After the issue appeared, I manually rebooted the system.
After that:
• I was able to access Home Assistant once via Nabu Casa remotely.
• Local access still worked only in incognito mode.
• After some time, the problem returned again.

What I already tried / changed
Based on advice I found, I added recorder limits to reduce load and database size:

recorder:
purge_keep_days: 7
commit_interval: 30

However, I currently don’t have a keyboard and mouse connected to the Pi, so I can’t access the host directly to:
• restart Home Assistant safely from CLI
• delete or reset the database files
• inspect logs locally

Because of that, I’m effectively locked out of recovery actions.

Integrations / system load
The setup is intentionally very lightweight:
• Broadlink + SmartIR (only for AC control)
• Zigbee2MQTT:
• Aqara temperature sensors
• Aqara door/window sensors
• No heavy add-ons
• No large dashboards
• No experimental integrations

That’s why this is confusing: the system is small, but the frontend completely breaks.

Current behavior
• index.html loads (logo appears), but the frontend never initializes.
• Both Nabu Casa and local access fail in the same way.
• Clearing cache doesn’t help.
• Incognito worked once, then stopped being a reliable workaround.

Question
What are the most likely root causes for this kind of behavior on a Pi 5 + NVMe setup after ~2 weeks of stable uptime?

Is this more likely:
• frontend / websocket failure
• corrupted recorder database
• memory pressure on Pi 5 (4 GB)
• NVMe / filesystem issue
• something specific to Nabu Casa timing

And what is the safest recovery path if I currently don’t have physical access to the device?

At this point the system feels UI-bricked despite being a very light installation, and I’m trying to understand what actually failed.

This means Home Assistant is up and running but you have a problem viewing it. There are no stability issues that need to be rectified (well there are, but they are not causing your issue).

All you need to do is clear your web browser and/or mobile Companion app frontend cache.

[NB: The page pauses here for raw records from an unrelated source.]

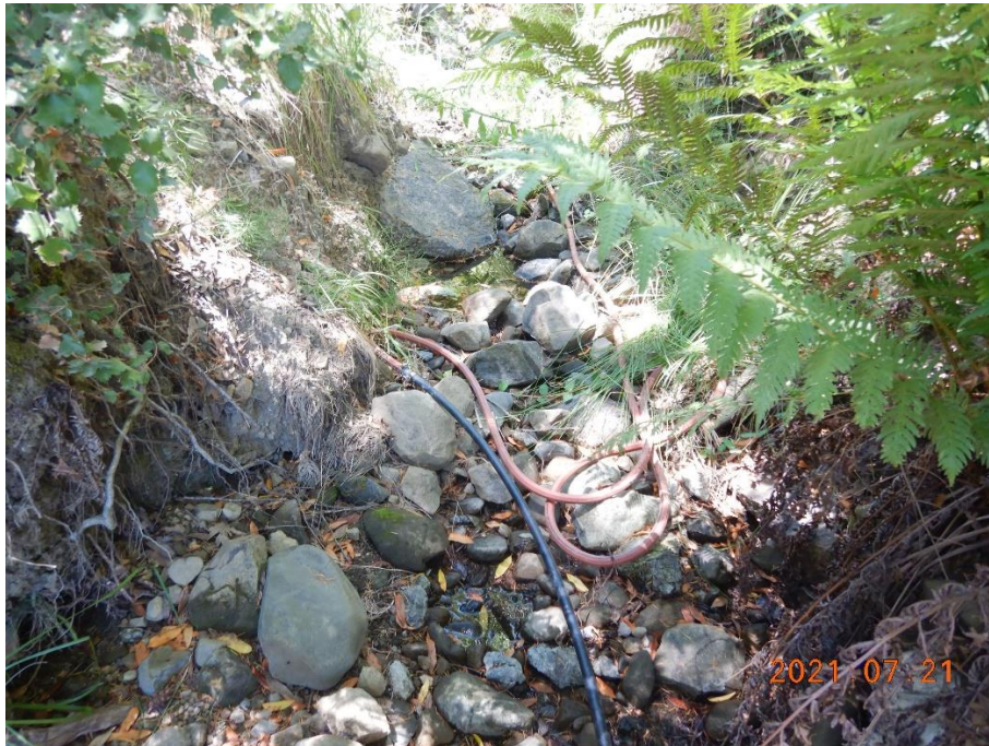
Photo 5—Watercourse adjacent to generator pictured in previous image. I measured a bank-full width of six feet with a tape measure. The channel bed is comprised of rounded small boulders and cobbles and has a trickle of flowing water.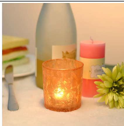
Frosted Glass Votive Candle Holders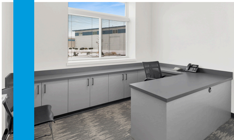
Main Floor Office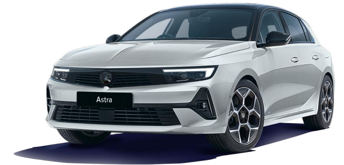
Crystal Silver (MOZR)** Two-coat metallic paint £600

Search the forum for how to do this for your specific mobile (Android or iOS). For most web browsers ctrl+shift+r will do it.

You will often need to do this when a new frontend version is released.

Hello, thank for your answer!

I already cleared browser cache, site data and history (both mobile and desktop).
After doing that, the situation became worse — now I cannot access Home Assistant at all, including incognito mode.

This suggests the issue is not frontend cache related.

Important details:
• Incognito mode initially worked, which already ruled out cache
• After cache/history cleanup, access is completely gone
• Logo loads, but frontend never initializes
• Same behavior via Nabu Casa and local access

This looks like a backend / websocket / database or filesystem issue, not a browser problem.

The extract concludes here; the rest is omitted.